Given material:
□ □ □ □ □

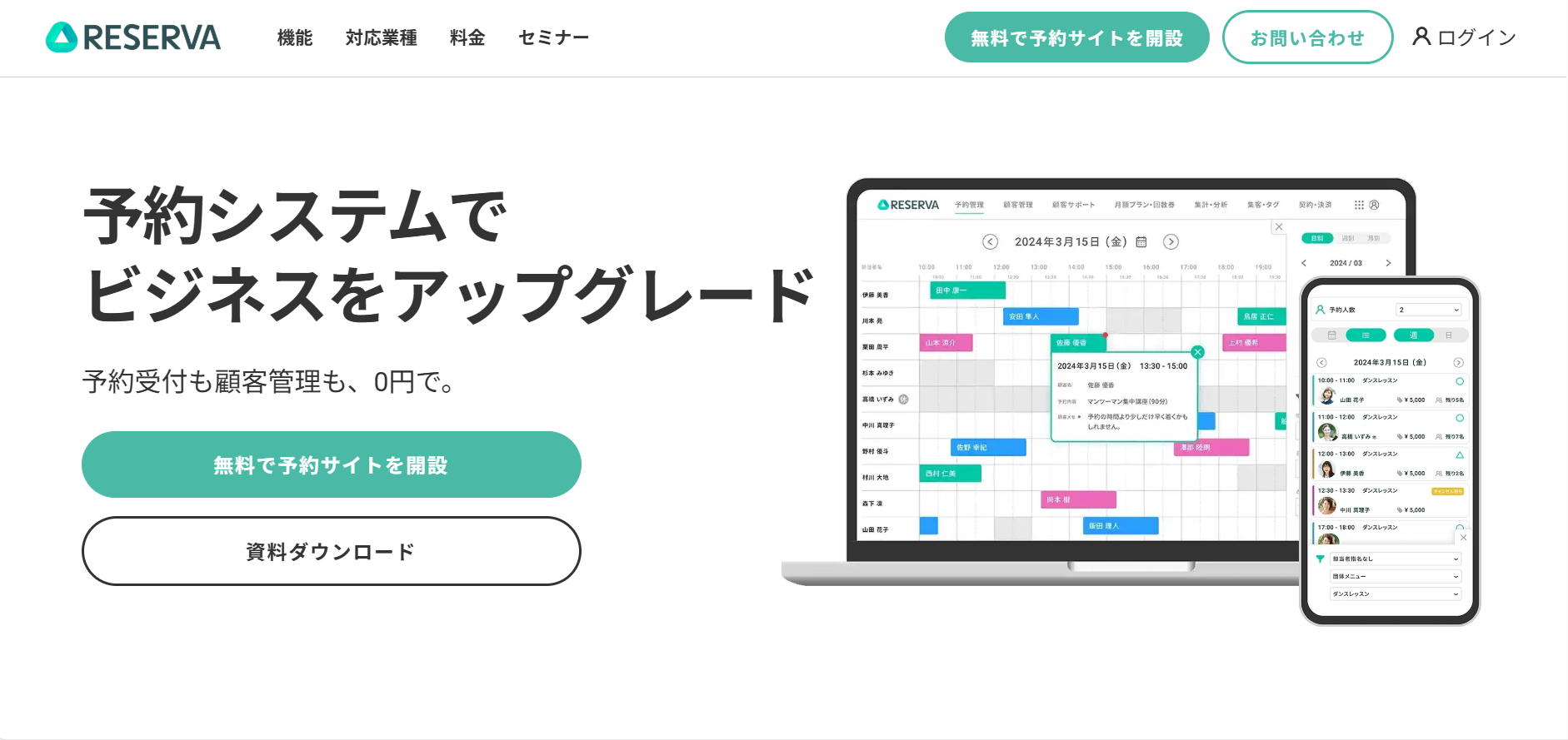 ここまで詳しく解説してきたように、事前決済が可能な予約システムを導入する際には、さまざまなメリットや注意点があります。「結局どの予約システムを選べばいいの?」と迷われている方も多いかもしれません。そんな方には、RESERVAをおすすめします。
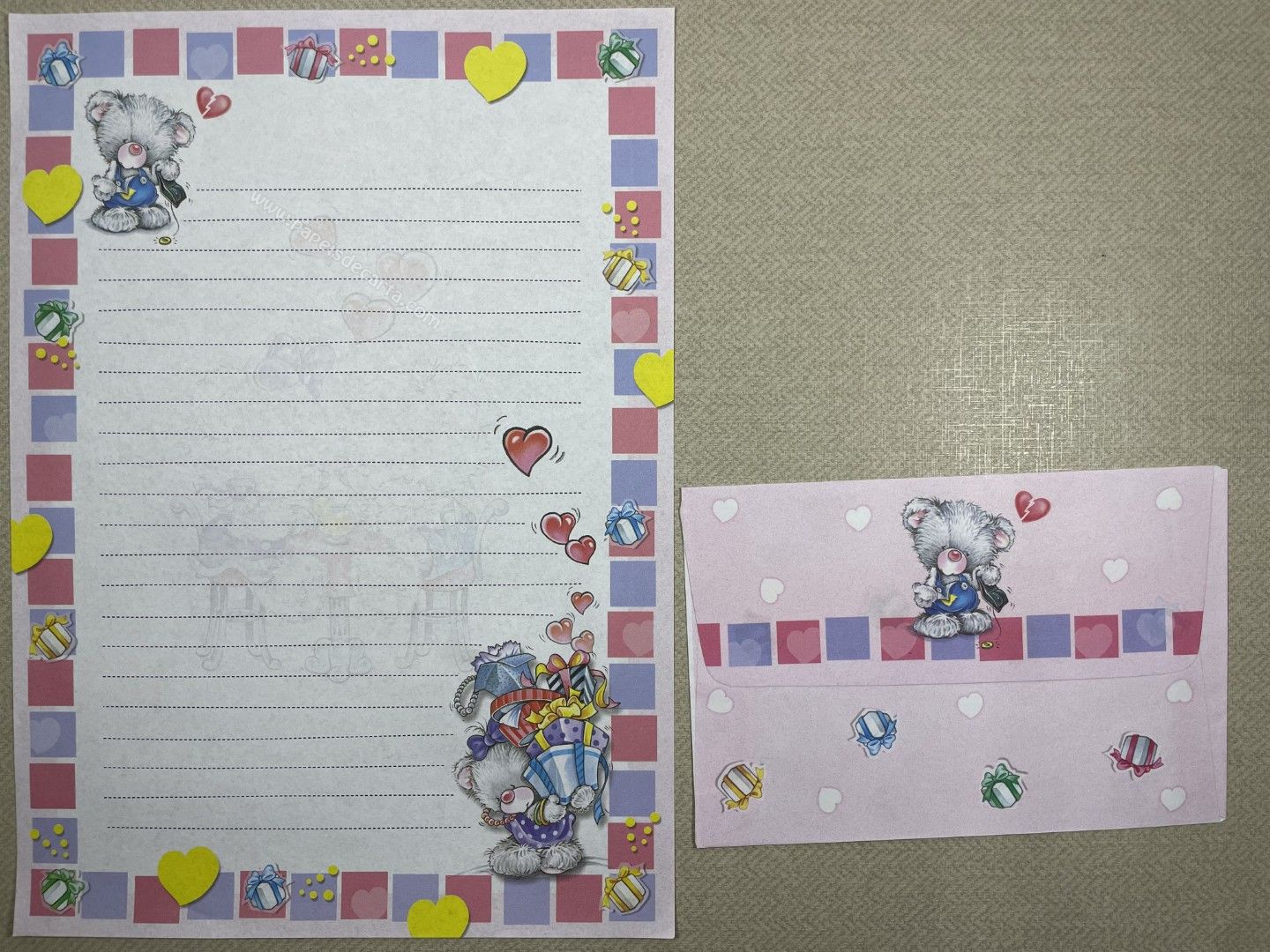 Conjunto de papel de carta antigo com 1 folha e 1 envelope. Tamanho um pouco maior que o médio.
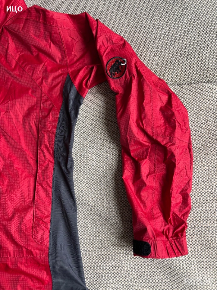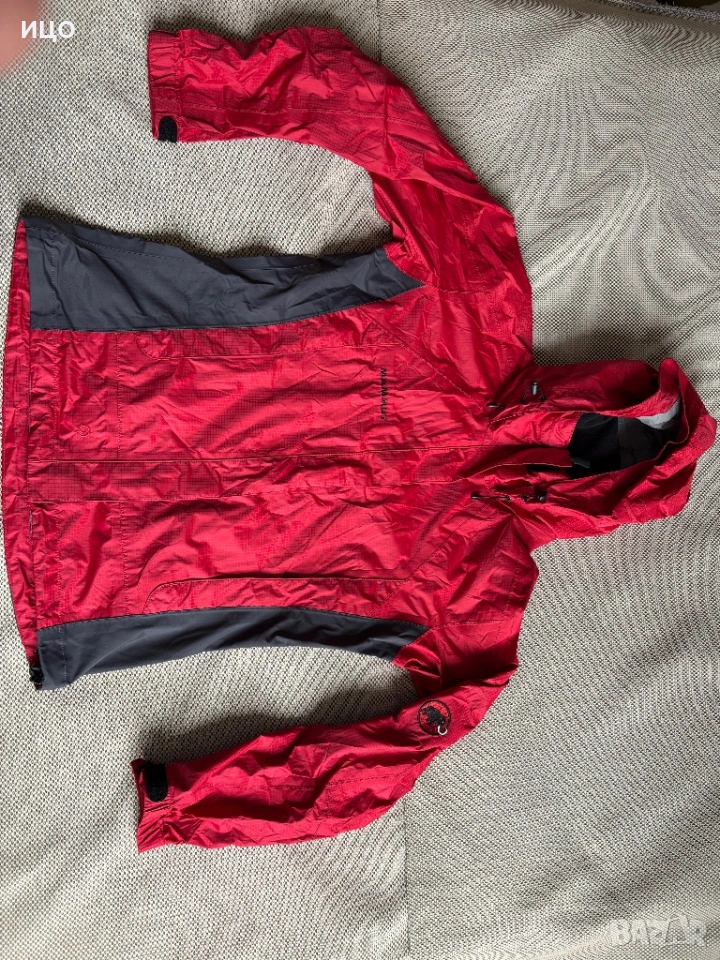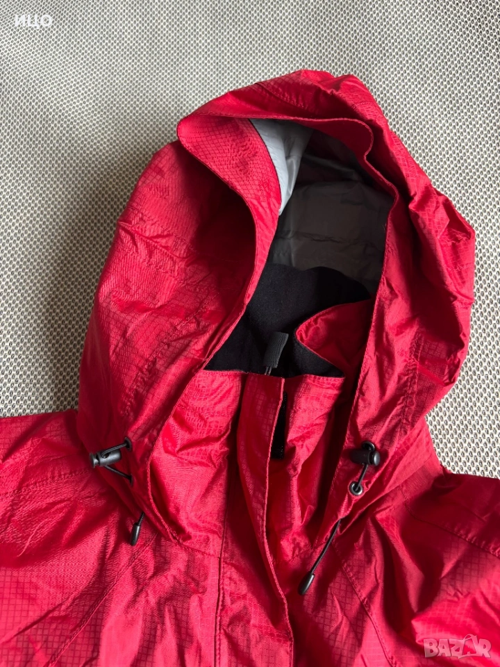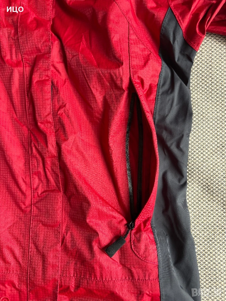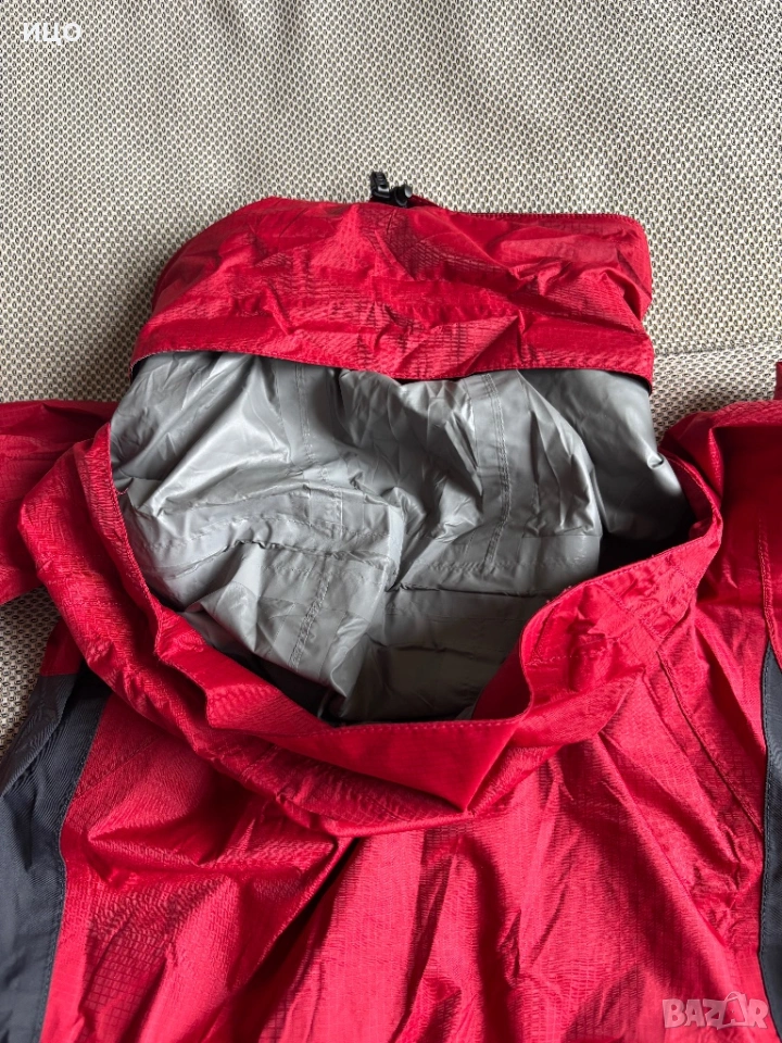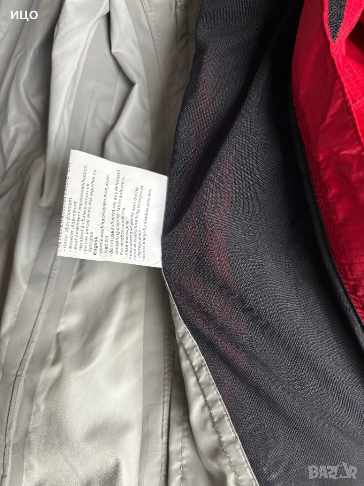 Отлично състояние на тънката ветровка. Забележката е под яката от вътрешния край един от шевовете на места се е разлепил частично.

□ □ □ □ □

Task item:
Restate the material above exactly. Exclude all pictures.

Written answer:
 ここまで詳しく解説してきたように、事前決済が可能な予約システムを導入する際には、さまざまなメリットや注意点があります。「結局どの予約システムを選べばいいの?」と迷われている方も多いかもしれません。そんな方には、RESERVAをおすすめします。
 Conjunto de papel de carta antigo com 1 folha e 1 envelope. Tamanho um pouco maior que o médio.
 Отлично състояние на тънката ветровка. Забележката е под яката от вътрешния край един от шевовете на места се е разлепил частично.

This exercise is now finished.